WORK TASK — Print the listing from its top line through the line containing "Vassoio da Portata", nothing more, and leave out the pictures.

▶

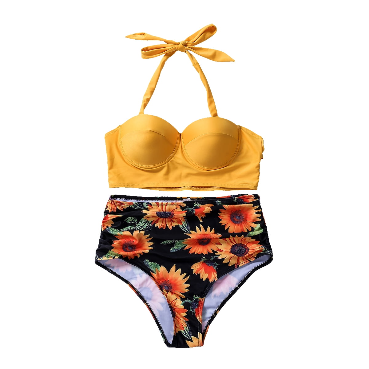 Related pictures for Franhais Women Push Up Bikini Set Summer Slim Flower Print Female High Waist Swimming Suits
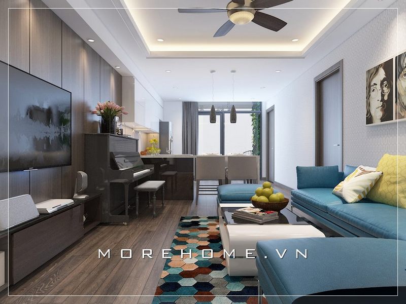 Sofa vải màu xanh trẻ trung là điểm nhấn nổi bật cho không gian phòng khách
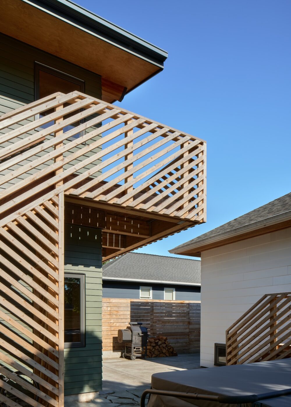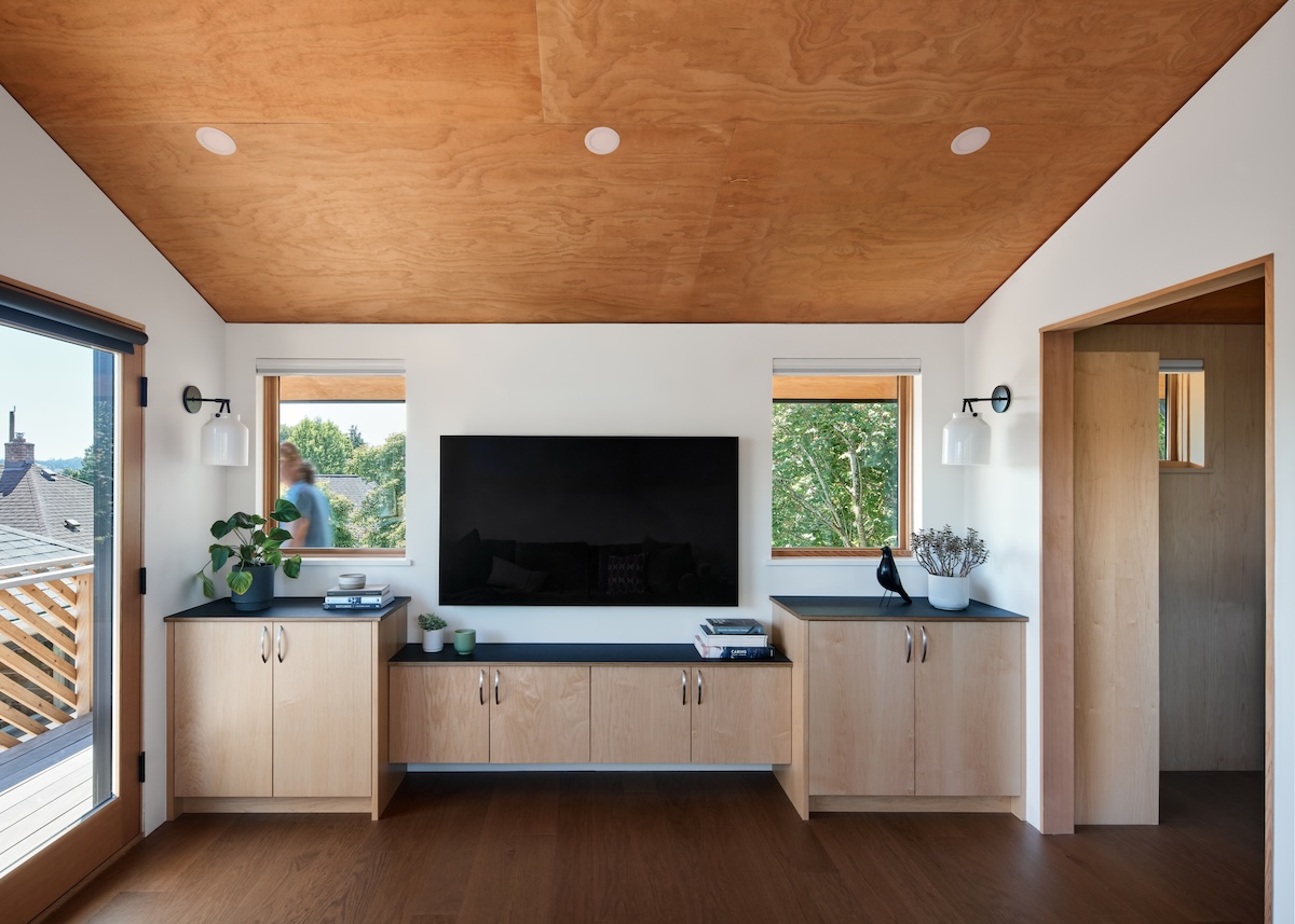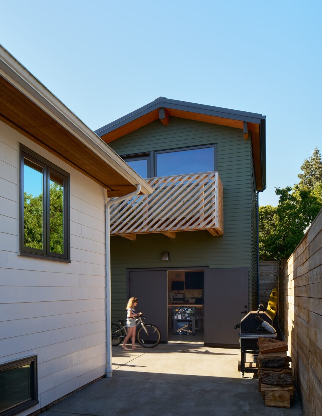 The workshop space below is more utilitarian, with double doors that can open up to the patio beyond. An exterior stair frees up interior space while adding a bit of playfulness to the design with the diagonal wood railings. The outdoor unit for the heat pump is strategically placed under the stair, with a removable access screen and just enough space to hang a few bikes.
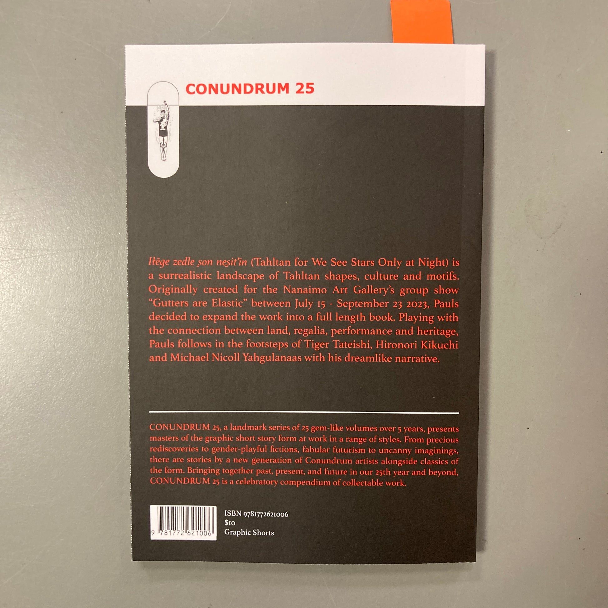 Lłēge zedle s̱on nes̱it’īn (Tahltan for we see stars only at night) is a surrealistic landscape of Tahltan shapes, culture and motifs. Originally created for the Nanaimo Art Gallery’s group show “Gutters are Elastic” between July 15 to September 23, 2023, Pauls decided to expand the work into a full length book.
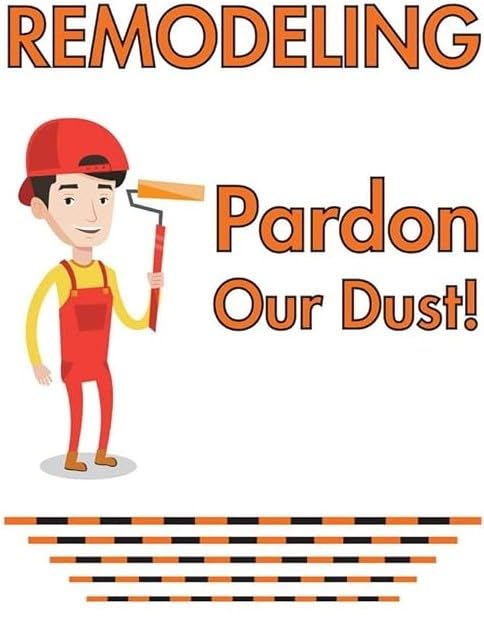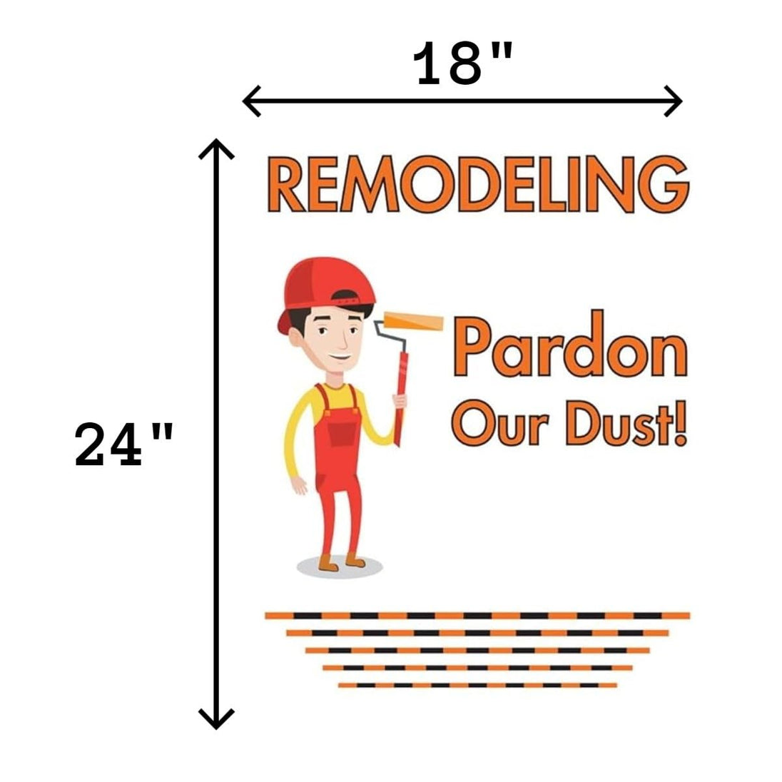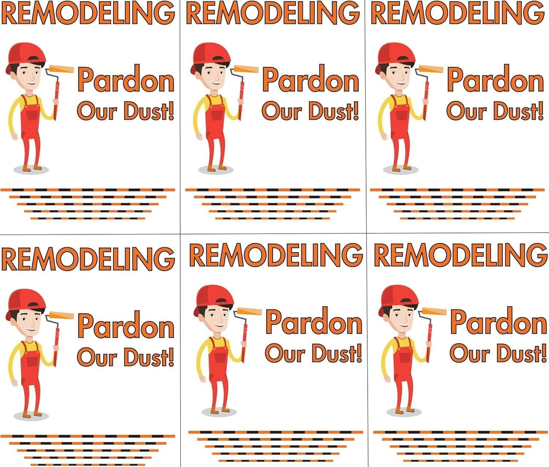 Remodeling Pardon Our Dust Retail Window Paper Signs | Pack of 6 | 18"w x 24"h
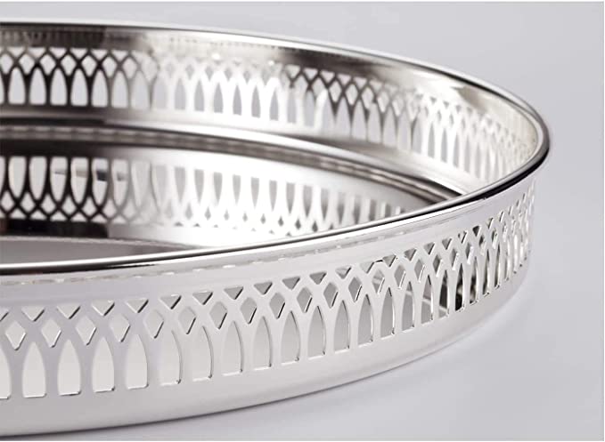 Vassoio da Portata Placcato in Argento pregiato, Vassoio Rotondo con Diametro di 30 cm
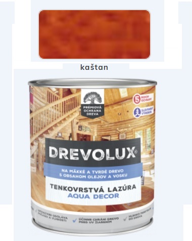 DREVOLUX AQUA DECOR je vodou ředitelná tenkovrstvá olejová lazura na dřevo s obsahem vosku. Je vhodná k nátěrům dřevěných dekoračních předmětů, obkladů, zábradlí, dřevěného interiérového a zahradního nábytku, altánů, laviček, plotů a jiných stavebně-truhlářských výrobků ze dřeva. Povrch ošetřeného dřeva je hedvábně matný, příjemný na dotek a vodoodpudivý. Lazura účinně penetruje do hloubky, chrání dřevo před stárnutím, oddaluje následky působení vlhkosti, UV záření a povětrnostních vlivů, nepraská a neodlupuje se. Zachovává přirozenou strukturu dřeva a zvýrazňuje jeho kresbu. Je vhodná pro nové i renovační nátěry.

◀

ANSWER BOX —
 Related pictures for Franhais Women Push Up Bikini Set Summer Slim Flower Print Female High Waist Swimming Suits
 Sofa vải màu xanh trẻ trung là điểm nhấn nổi bật cho không gian phòng khách
 The workshop space below is more utilitarian, with double doors that can open up to the patio beyond. An exterior stair frees up interior space while adding a bit of playfulness to the design with the diagonal wood railings. The outdoor unit for the heat pump is strategically placed under the stair, with a removable access screen and just enough space to hang a few bikes.
 Lłēge zedle s̱on nes̱it’īn (Tahltan for we see stars only at night) is a surrealistic landscape of Tahltan shapes, culture and motifs. Originally created for the Nanaimo Art Gallery’s group show “Gutters are Elastic” between July 15 to September 23, 2023, Pauls decided to expand the work into a full length book.
 Remodeling Pardon Our Dust Retail Window Paper Signs | Pack of 6 | 18"w x 24"h
 Vassoio da Portata Placcato in Argento pregiato, Vassoio Rotondo con Diametro di 30 cm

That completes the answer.